Pensioni, così lasci il lavoro 5 anni prima e ti metti al sicuro

Come andare in pensione 5 anni prima: tutto quello che c’è da sapere

In pensione 5 anni prima? Grazie ai contratti di espansione sarà possibile farlo entro il 2023. Ne potranno beneficiare soltanto i lavoratori dipendenti del settore privato. Rispetto al passato, con la legge di bilancio, la soglia dimensionale dell’azienda è stata abbassata a 50 dipendenti. Il che allarga decisamente la platea dei potenziali lavoratori beneficiari della pensione anticipata.

Come spiega l’Inps nella circolare n. 88 del 25 luglio 2022, rispetto al passato possono accedere allo scivolo pensione tutti i dipendenti del settore privato che abbiano stipulato contratti di espansione. Lo scivolo è concesso a partire dai 62 anni di età fino alla fine del 2023. Dal 2022 possono, però, accedervi anche le aziende con meno di 250 dipendenti e con più di 49.

ANSA

Come andare in pensione 5 anni prima?

Per accedere a questo cosiddetto scivolo aziendale è necessario che il datore di lavoro raggiunga specifico accordo col Governo.
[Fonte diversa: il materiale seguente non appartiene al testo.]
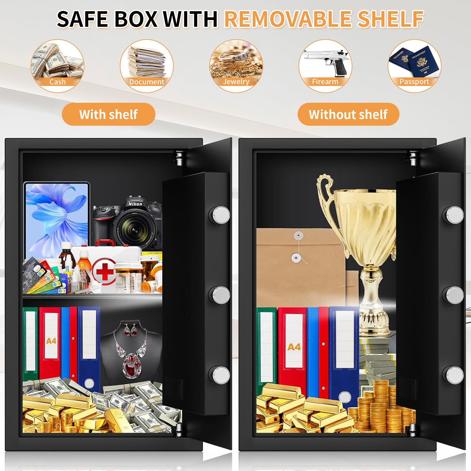 - 【REMOVABLE SHELF AND LED LIGHT】The removable shelf can help you organize important items easily, and you can take it in or take it out according to your needs. The 3.0 cubic capacity safe can meet your daily storage needs and is very suitable for protecting your valuables and privacy, such as pistol, documents, passport, jewelry and so on

Tale accordo, chiamato contratto di espansione, è stipulato fra azienda, Ministero del Lavoro e organizzazioni sindacali e deve contenere 4 condizioni fondamentali:

  • il numero dei lavoratori da assumere e l’indicazione dei relativi profili professionali compatibili con i piani di reindustrializzazione o riorganizzazione;
  • la programmazione temporale delle assunzioni;
  • l’indicazione della durata a tempo indeterminato dei contratti di lavoro, compreso il contratto di apprendistato professionalizzante;
  • relativamente alle professionalità in organico, la riduzione complessiva media dell’orario di lavoro e il numero dei lavoratori interessati, nonché il numero dei lavoratori che possono accedere allo scivolo pensionistico.

Quanto ammonta assegno con contratto espansione?
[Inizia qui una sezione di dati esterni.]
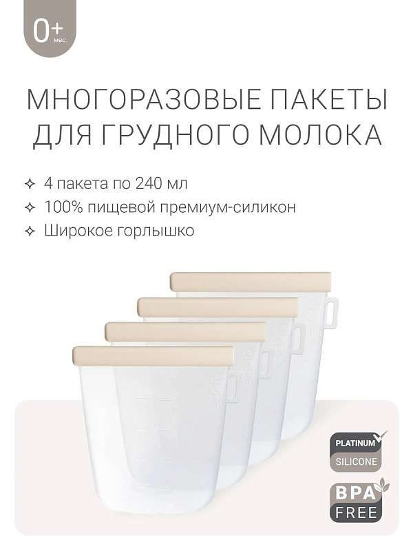 Набор силиконовых пакетов edda для грудного молока 4 шт., 240 мл MSB-01001 Пломбир

Il vantaggio del contratto di espansione è di consentire alle aziende di mandare in pensione, su base volontaria, i lavoratori fino a 60 mesi prima rispetto ai requisiti ordinariamente richiesti per la pensione di vecchiaia o anticipata. Quindi i lavoratori possono mettersi a riposo:

  • 62 anni, invece dei 67 previsti per la pensione di vecchiaia, a patto di aver maturato il requisito contributivo di 20 anni di versamenti;
  •  37 anni e 10 mesi di contributi versati per gli uomini e 36 anni e 10 mesi per le donne, contro gli attuali 42 anni e 10 mesi e 41 anni e 10 mesi rispettivamente previsti per la pensione anticipata, più tre mesi di finestra.

Il lavoratore che accede al prepensionamento percepisce, fino alla maturazione della pensione, un’indennità pari all’assegno maturato al momento delle dimissioni. L’indennità mensile è corrisposta dall’INPS per 13 mensilità. L’importo, certificato dall’INPS, è commisurato al trattamento pensionistico lordo maturato dal lavoratore al momento della cessazione del rapporto di lavoro, secondo le norme previste dalle singole Gestioni. Per il calcolo della quota contributiva si tiene conto del coefficiente di trasformazione relativo all’età del lavoratore alla data di decorrenza dell’indennità. In caso di perfezionamento del diritto a pensione in due o più forme previdenziali, l’importo dell’indennità sarà pari al più elevato degli importi mensili dei trattamenti pensionistici maturati alla data di risoluzione del rapporto di lavoro.

Questa formula comporta dei compromessi in termini di taglio dell’assegno previdenziale e/o di costi da sostenere. Secondo i calcoli dei sindacati, andando in pensione con lo scivolo previsto dai contratti di espansione si rischia un taglio dell’assegno previdenziale fino ad un quarto del suo importo, con una perdita economica che può arrivare a 80mila euro.